Just a thought! Smile

caregiver1127's picture

I don't agree with her being able to grade you - you are the parent she is the child - if you do this you put her on the same level as you and she isn't. I would not do the stickers I would just have talks with her but remember you are the parent. Also unless you have a lot of money - $200.00 every time she is there is going to cost you guys a lot in the long run. You are setting you and her up for Great Expectations every time she comes to your home and you will not be able to keep up with the activities. She needs to learn that being with her Dad is enough and not be spoiled every time she comes over. And you know she does not appreciate them as she tells BM how miserable she is at DH's. Live your lives the way you always do and incorporate her into it not change your life style to try and impress her.

Also why reward her for good behavior that should just be a given. This is why children of divorce get screwed up - she needs to act appropriately at your home just like she does at her mothers. If you expect good behavior and respect and your DH is on board then you should get it. Don't bribe her with "stars" just expect it.

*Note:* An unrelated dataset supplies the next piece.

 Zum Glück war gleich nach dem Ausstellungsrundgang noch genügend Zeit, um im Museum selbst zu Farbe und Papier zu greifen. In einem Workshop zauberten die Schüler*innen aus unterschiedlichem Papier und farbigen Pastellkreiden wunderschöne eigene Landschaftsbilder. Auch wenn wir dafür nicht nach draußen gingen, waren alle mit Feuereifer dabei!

With SS when he moved in full time with us I sat him down with DH and we told him what we expected in our home and the rules and then we backed each other up.

Also you are not coming between your husband and his child - you are now a couple and she needs to learn to integrate into your family not the other way around. You and DH need to be a united front and he needs to correct her especially when she makes rude comments not give her $200.00 weekends - you both are creating this entitled monster!

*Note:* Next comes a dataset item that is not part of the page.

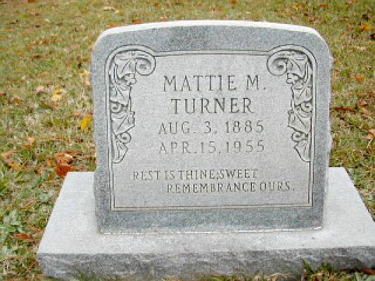 | Turner, Mattie M. | 8/3/1885 | 4/15/1955 | "REST IS THINE, SWEET REMEMBRANCE OURS" | AR |

I am not trying to be harsh but as you see your way has not been working it is now time to try something else -she needs discipline and structure when she is at your home - not outside entertainment.

AVR1962's picture

I suggest counseling for the little girl. Your situation sounds much the same of my own a few years back. Your frustration with the situation is normal, been there. However if this doesn't get handled and the little girl is not addressed by the parents she will more than likely continue her little hateful, direspectful escapades towards you......my stepsons did and it nearly drove me to the bring of my own sanity. I wish you the best!

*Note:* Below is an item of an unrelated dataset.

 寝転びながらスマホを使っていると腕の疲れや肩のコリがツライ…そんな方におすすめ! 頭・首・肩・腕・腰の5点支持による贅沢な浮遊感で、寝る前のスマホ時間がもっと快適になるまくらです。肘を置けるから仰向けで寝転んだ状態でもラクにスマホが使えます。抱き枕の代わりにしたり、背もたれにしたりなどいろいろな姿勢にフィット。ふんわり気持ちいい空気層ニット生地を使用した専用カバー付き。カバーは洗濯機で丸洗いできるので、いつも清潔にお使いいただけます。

Couldawouldashoulda's picture

Hmmm, I wonder how well that would have went over in the old days out on the farm? A step child being disrespectful like that? Sorry, I'm a believer in immediate discipline. But, that's just me.

Orange County Ca's picture

No stickerboard. It's a weinie idea.

Does your husband know you're on the verge of leaving? If he doesn't its time to tell him. If he already knows and doesn't support you then leave.

Take the kids for a weekend trip, go to Mom's or a girlfriends, or rent a motel at the beach - whatever - and tell Dad that when you get back you'll have a final talk with him and if he isn't going to support you then you're out.